National

Downriver, an agonizing wait

BUTTE LAROSE, La. —The final wave of holdouts has mostly packed up and left this Louisiana town as water from the swollen Atchafalaya River has inched toward their homes, with their frustration and hope painted on signs posted outside.

"Nothing left worth stealing," read one. "Stay strong. Believe," urged another. "Our hearts are broken, but our spirits are not. We will come HOME," are the words Kip and Gwen Bacquet spray-painted on the plastic liner that covers the entire first floor of their house.

Most had left Butte LaRose days earlier amid high tension as the water continued its move toward the area, about 45 miles west of Baton Rouge.

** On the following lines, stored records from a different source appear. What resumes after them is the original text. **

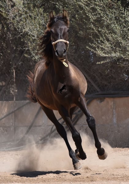 Dieser 04/2023 geborene PRE Hengst (Andalusier mit Rassenachweis der ANCCE), ist farbtechnisch noch ein kleines Überraschungsei! Er ist von der ANCCE als Rappe eingetragen, zeigt aber auch Anzeichen für einen Dunkelfalben. Da der Farbtest nicht gemacht wurde und er der Sohn von einem Perlino ist, wird er entweder Smoky Black oder ein dunkler Buckskin. In jedem Fall: Wunderschön! Und für alle, die sich nicht überraschen lassen wollen, kann natürlich die Farbanalyse in Auftrag gegeben werden ;) Überraschen wird der junge Mann nicht nur mit seiner Farbe, sondern auch seiner Bewegung! Die langen Beinchen fegen nur so über den Platz und er genießt es richtig zu traben. Dabei ist er absolut unerschrocken und cool- was eine Herausforderung war ihn für gute Fotos zu schicken, aber eine tolle Darstellung seines Charakters. Irgendwann wird man ja ein großer, starker Mann, da muss man ja auch den passend mutigen Charakter dazu haben. Er steht in Robusthaltung 24h draußen in Gesellschaft anderer Jungs und ist somit bestens sozialisiert und abgehärtet. Seine Abstammung, kann sich abgesehen von den vielen Sonderfarben wie Perlino, Falbe und Rappe, auch sehen lassen. Er ist zurückzuführen auf den beliebten Mejorante Hengst Remache XIII und auch Escalerablut findet sich immer wieder in seinen Genen. Sein zu erwartendes Endmaß ist um die 160cm. Ein sehr cooler Youngster, mit tollen Qualitäten zum sehr fairen Preis. Sein Standort ist Mallorca. Es besteht die Möglichkeit, ihn noch länger zur Aufzucht beim Züchter zu lassen. Videos und Abstammung gerne auf Anfrage. Gerne organisiere ich vor Ort eine AKU, Transport oder auch ihre Reise, sollten Sie persönlich zum Anschauen kommen. Details dazu gerne auf meiner Seite oder im Gespräch. Saludos aus Spanien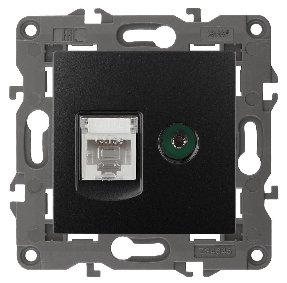 14-3110-05 ЭРА Розетка RJ45+TV, IP20, антрацит (10/100/3200)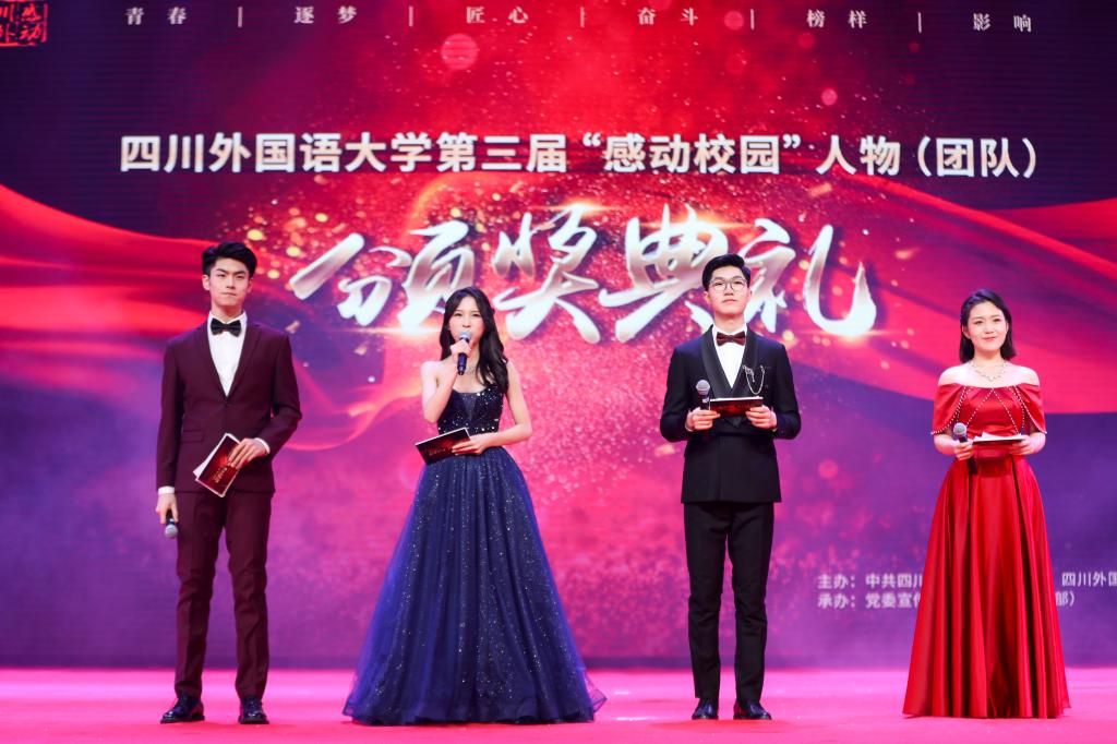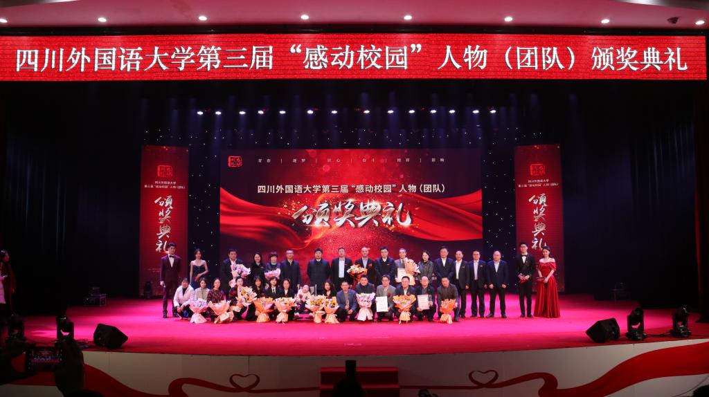 “今夜,我们赞颂优秀,也歌唱平凡;今夜,我们致敬崇高,也铭记感动。”……12月15日晚,四川外国语大学第三届“感动校园”人物(团队)颁奖典礼在东区大礼堂温情上演。我校校领导邹渝、董洪川、苟朝莉、卢波、李彦、郑白玲、苟欣文、祝朝伟、严功军,沙坪坝区文化和旅游委员会书记单大国,部分媒体代表,学校各职能部门、二级学院负责人、离退休老同志代表及师生代表参加了本次颁奖典礼。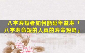 八字寿 🌷 短者 🐬 的延寿方法 🌿 :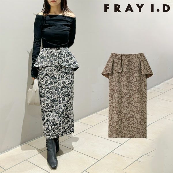 【SALE60%OFF】【即納】 フレイアイディー FRAY I.D ボトムス 24秋冬 【William Morris】ペプラムスカート ロング丈 スカート fwfs244801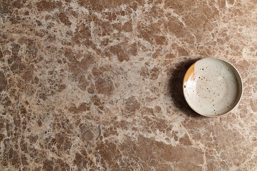 A multicolored pottery bowl on beige marble background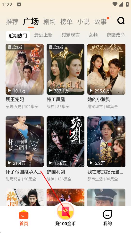 1、打開全民短劇APP,點擊底部導(dǎo)航欄中間的賺100金幣。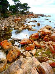 Keywords: shoreline beach ocean pacific close-up rocky nature outside outdoor rock isolated orange colorful tranquil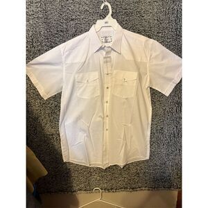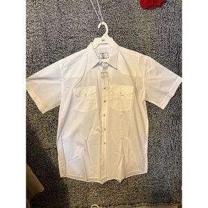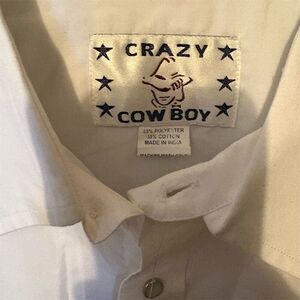 Keywords: Crazy Cowboy, button-up shirt, 2XL, short sleeve, white, men's casual shirt, polyester cotton blend, pearl snaps, chest pockets, collared shirt, solid pattern, embroidered accents, regular fit, casual occasions, new condition.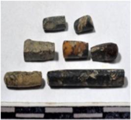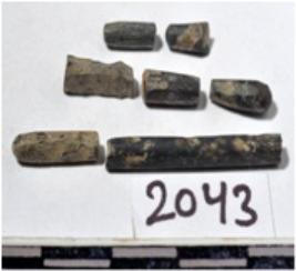 | Description / विवरण | Fragments of stone drill bits, circular in section broken from both ends of rough surface. |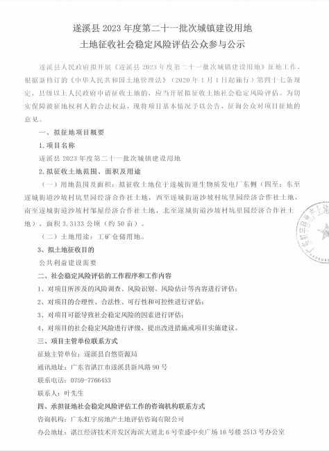 极速飞艇 2023年度第二十一批次城镇建设用地征地社会稳定风险评估公示

The Army Corps of Engineers partially opened the Mississippi River's Morganza floodway May 14 to spare Baton Rouge and New Orleans from catastrophic flooding, but the water it was diverting from the Mississippi River into the Atchafalaya Basin still hadn't reached the town nearly a week later.

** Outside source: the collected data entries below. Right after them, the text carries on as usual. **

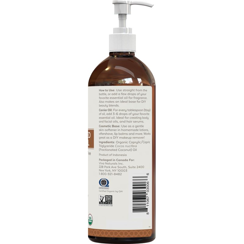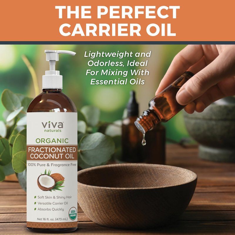 Viva Naturals Organic Fractionated Coconut Oil - Skin & Hair Moisturizer, Relaxing Massage and Body Oil, Carrier Oil for Essential Oils Mixing, Pure Non-Greasy Coconut Oil for Skin and Hair, 16 fl oz
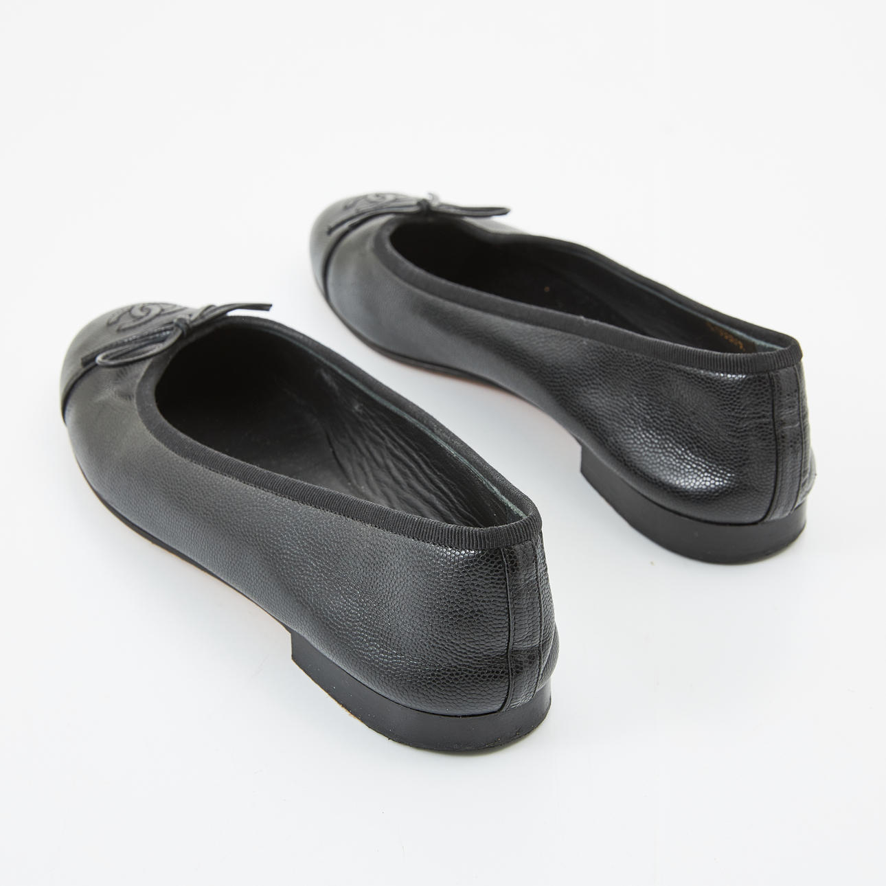 Aus schwarzem Kaviarleder, Zehenkappe mit Monogramm-Logo, mit Schleife verziertes Oberteil, Aufschrift „CHANEL MADE IN ITALY“, Größe 40, inklusive Schuhbeutel.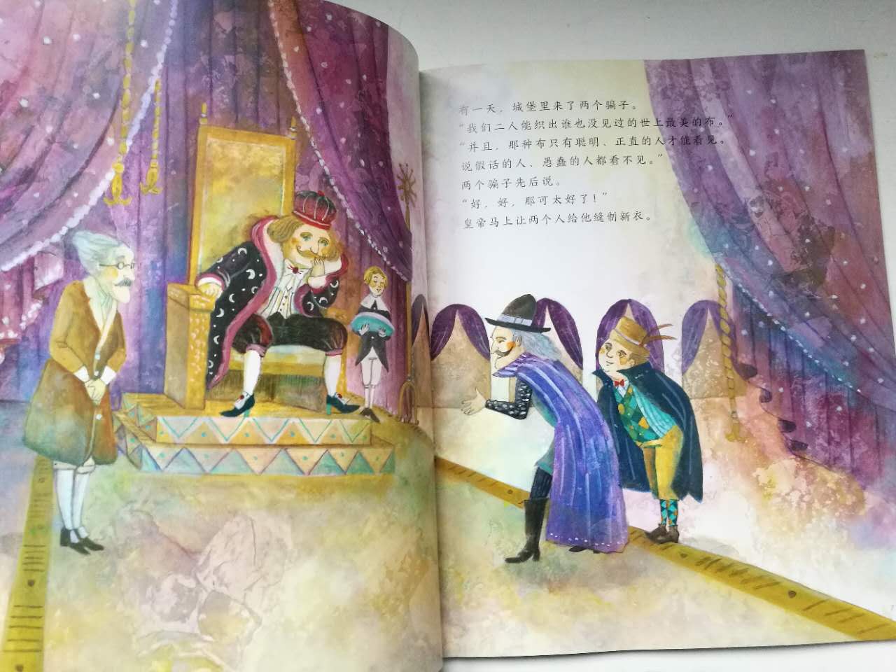爱慕虚荣的皇帝喜欢穿着华丽的新衣招摇过市。两个骗子说会给皇帝用只有聪明人才能看得见的神奇布料给皇帝制作新衣。全国的人们都假装看得见皇帝的新衣,只有一个孩子说出了真话。

While Mississippi communities that line their namesake river were waiting for floodwaters to recede Saturday, Louisiana residents in the path of diverted waters were enduring an agonizing wait.

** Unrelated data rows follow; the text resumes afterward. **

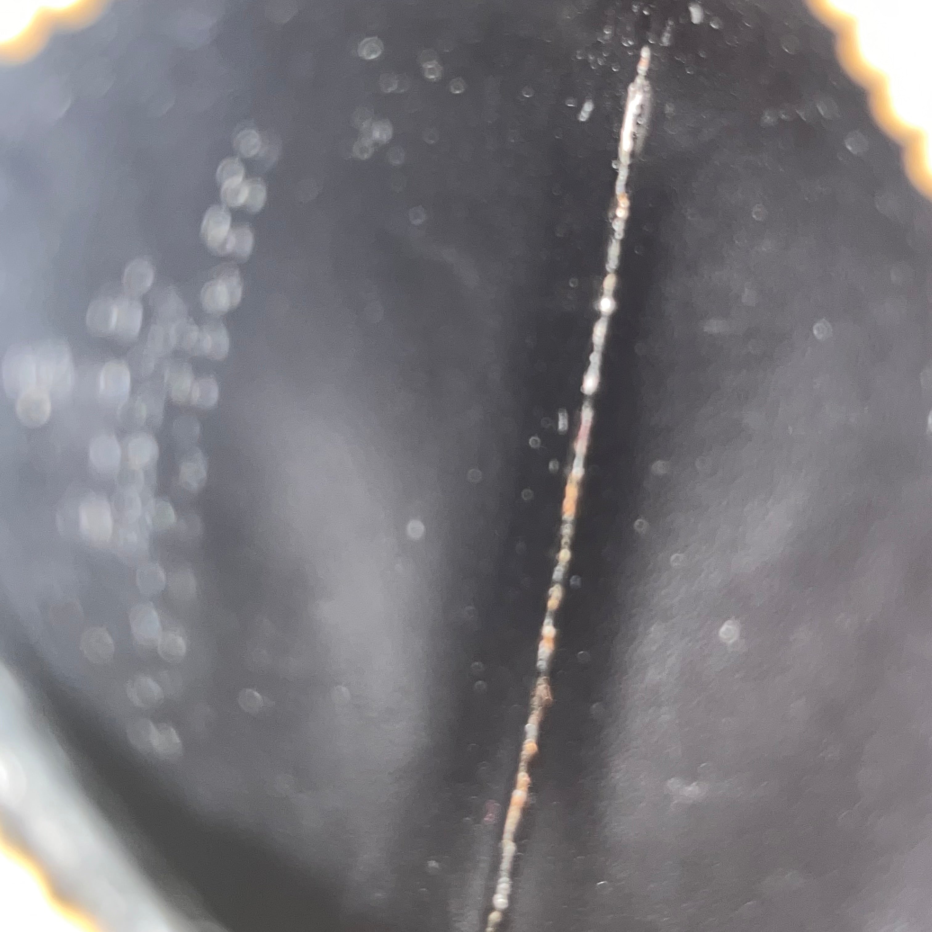 - Interior: The interior lining features some white markings, which may be inherent to the material or a result of handling.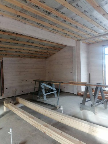 Материал стен: Клееный брус сечением 210х180 мм (толщина 210 мм). Высокая энергоэффективность и прочность.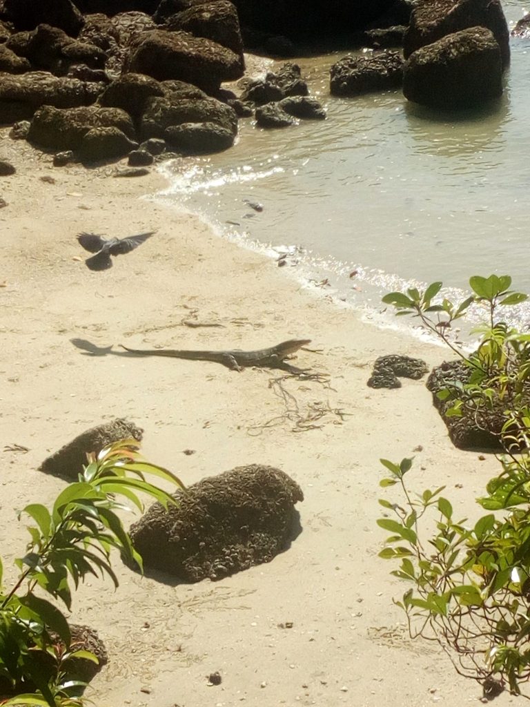 Stigen delar sig och jag tar av till höger och följer kusten omgiven av grönska och hav. Plötsligt ser jag någonting som rör sig i vattnet, två varelser med huvudena ovanför vattenytan. När den ene av dom kommer upp på stranden ser jag att det är två varaner som svalkar av sig.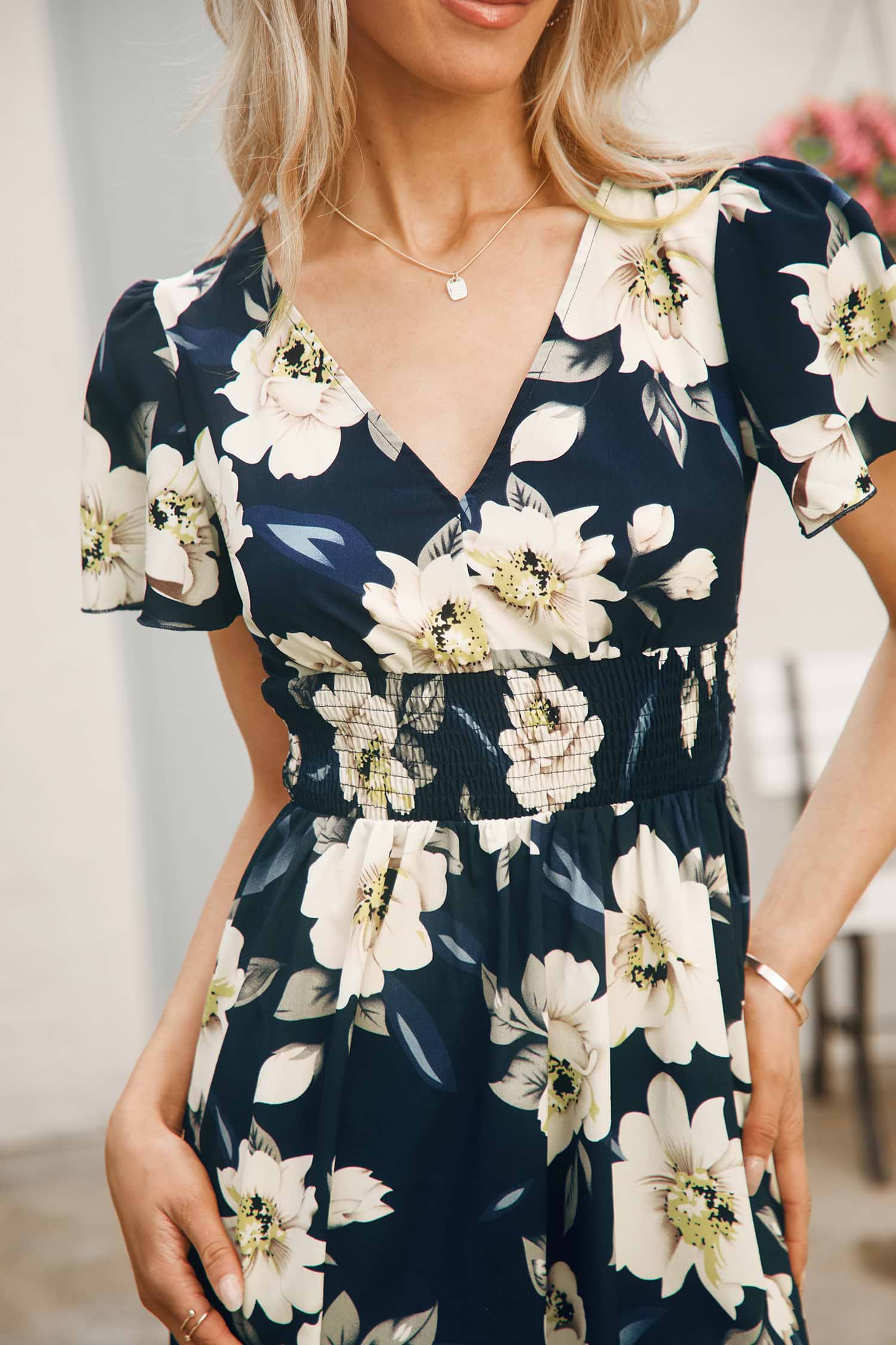 Blue Striped V-Neck Flutter Sleeve Mini Dress

In St. Martin's Parish, La., a mandatory evacuation was ordered to take effect Saturday, only to be pushed back at least two days after officials said the river would crest May 27 at a lower level than previously thought. Meanwhile, communities along the Mississippi River in Mississippi wait for floodwaters to recede.

In Vicksburg, Miss., Chris Lynn fired up his small aluminum boat and traveled about a mile to check out his father's house. The home sits on a 15-foot mound of dirt on the Mississippi River's banks, much like an island in the murky water.

"It looks like the water has come down about 2 inches," Lynn said, grabbing his cell phone to call his 73-year-old father with the news. "That's good. The floor is starting to dry out."